_Records shown:_
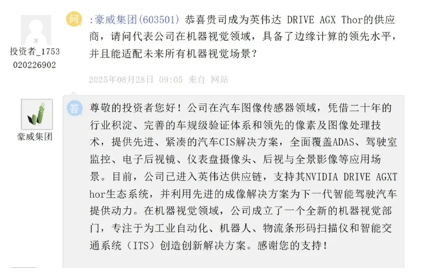 9月17日消息,据媒体报道,豪威集团近日在互动平台宣布,公司已正式进入英伟达供应链,将为NVIDIA DRIVE AGX Thor生态系统提供先进的成像解决方案,助力下一代智能驾驶汽车实现更高水平的性能与安全。
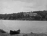 Prior to the development of railroads and the automobile, the Saranac Lakes formed part of an important transportation route in the Adirondacks; one could travel 140 miles (230 km) across, from Old Forge to Lake Champlain, almost entirely on water. In 1849, William F. Martin built one of the first hotels in the Adirondacks— the "Saranac Lake House", known simply as "Martin's"— on the northeast shore of Lower Saranac Lake. Martin's, with room for 80 guests, became a favorite place for hunters, woodsmen, and socialites to meet and interact; a young Theodore Roosevelt was among the guests,[1] and the members of the famous "Philosopher's Camp" on Follensby Pond (including poets Ralph Waldo Emerson and James Russell Lowell and scientist Louis Agassiz) found their guides at Martins.[2] The publication of William H. H. Murray's Adventures in the Wilderness; Or Camp-Life in the Adirondacks in 1869, containing a favorable review of Martin's, started a flood of tourists to the area, leading to a rash of hotel building and the development of stage coach lines. In 1892, Dr. William Seward Webb's Mohawk and Malone Railway reached the village of Saranac Lake; it dramatically reduced travel time from major east coast cities to the Adirondacks, and had a major impact on the hotel and the area. In 1870, the hotel's capacity was doubled. In 1880, Martin lost the hotel through foreclosure. The new owner promptly remodeled and increased capacity to 250 guests. In 1888, it underwent its final renovations, but in 1894, it burned to the ground.
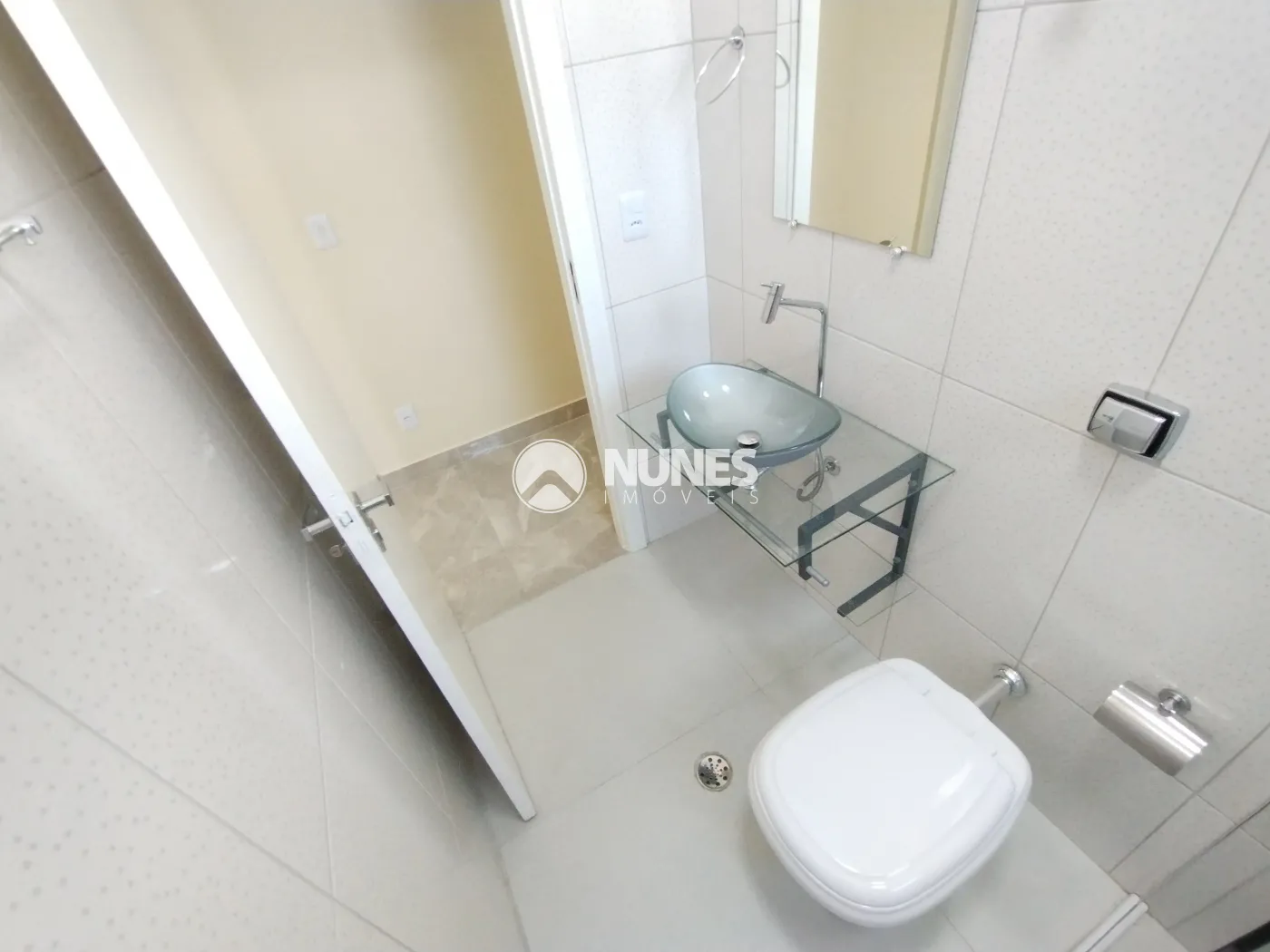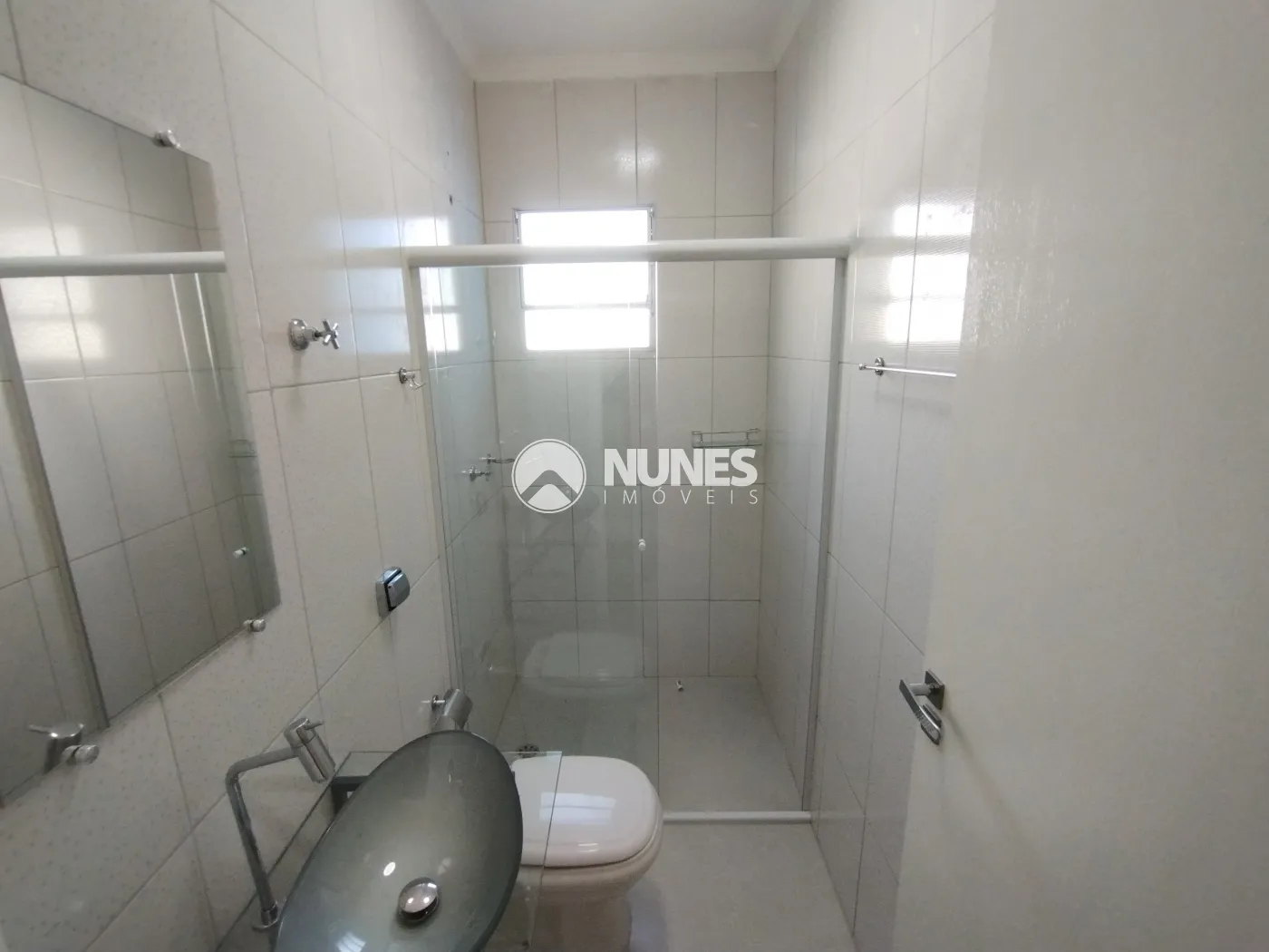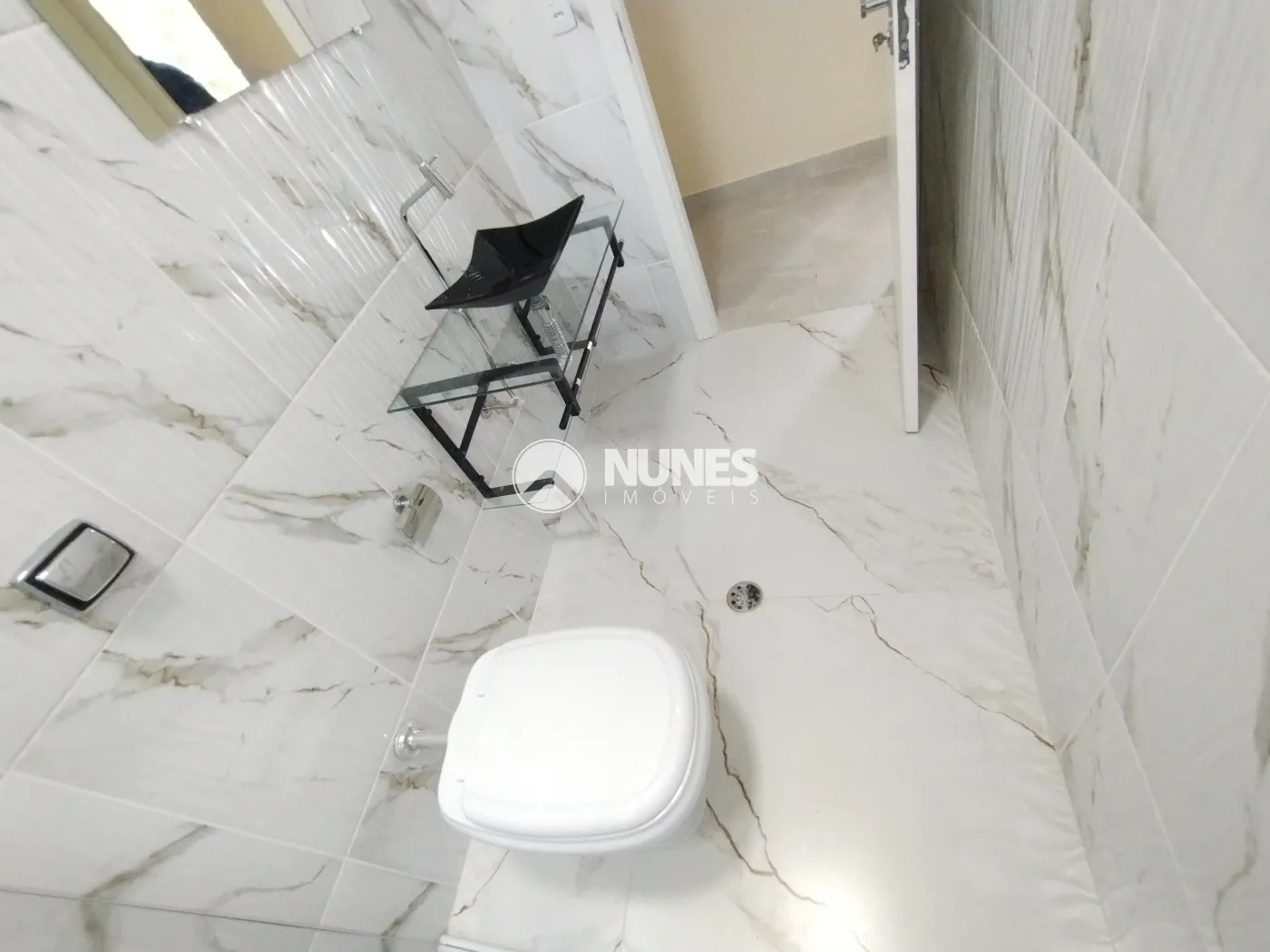 Banheiro social 5,22 m² com porcelanato e box de vidro temperado
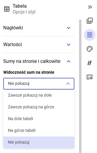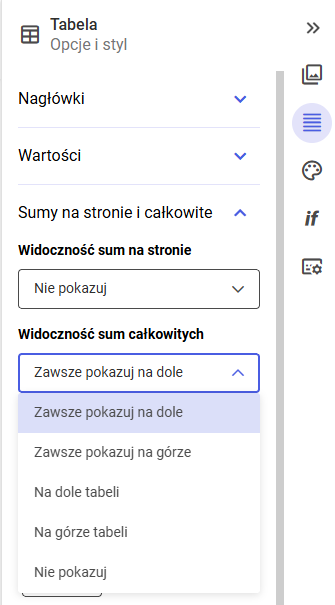 Odpowiada za wyświetlanie sum obejmujących wszystkie dane w tabeli, niezależnie od paginacji. Dostępne opcje: zawsze pokazuj na dole – sumy całkowite widoczne na dole tabeli, zawsze pokazuj na górze – sumy całkowite widoczne na górze tabeli, na dole tabeli – sumy prezentowane na końcu danych, na górze tabeli – sumy prezentowane na początku danych, nie pokazuj – sumy całkowite są ukryte.
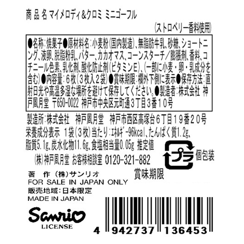 人気の「マイメロディ」デザイン缶のゴーフルです。内)プティーゴーフル6枚
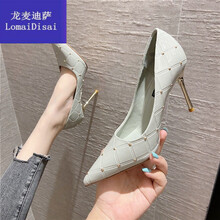 高档轻奢热卖品牌名媛少女高跟鞋设计感气质细跟尖头铆钉菱格浅口感单鞋2021年气质透气女鞋 绿色10cm 34

_The task:_
What you set down should be exactly the lines from the line containing "人気の「マイメロディ」デザイン缶のゴーフルです。内)プティーゴーフル6枚" to the last line of the entries above, both included, with no pictures.

_The completed task:_
 人気の「マイメロディ」デザイン缶のゴーフルです。内)プティーゴーフル6枚
 高档轻奢热卖品牌名媛少女高跟鞋设计感气质细跟尖头铆钉菱格浅口感单鞋2021年气质透气女鞋 绿色10cm 34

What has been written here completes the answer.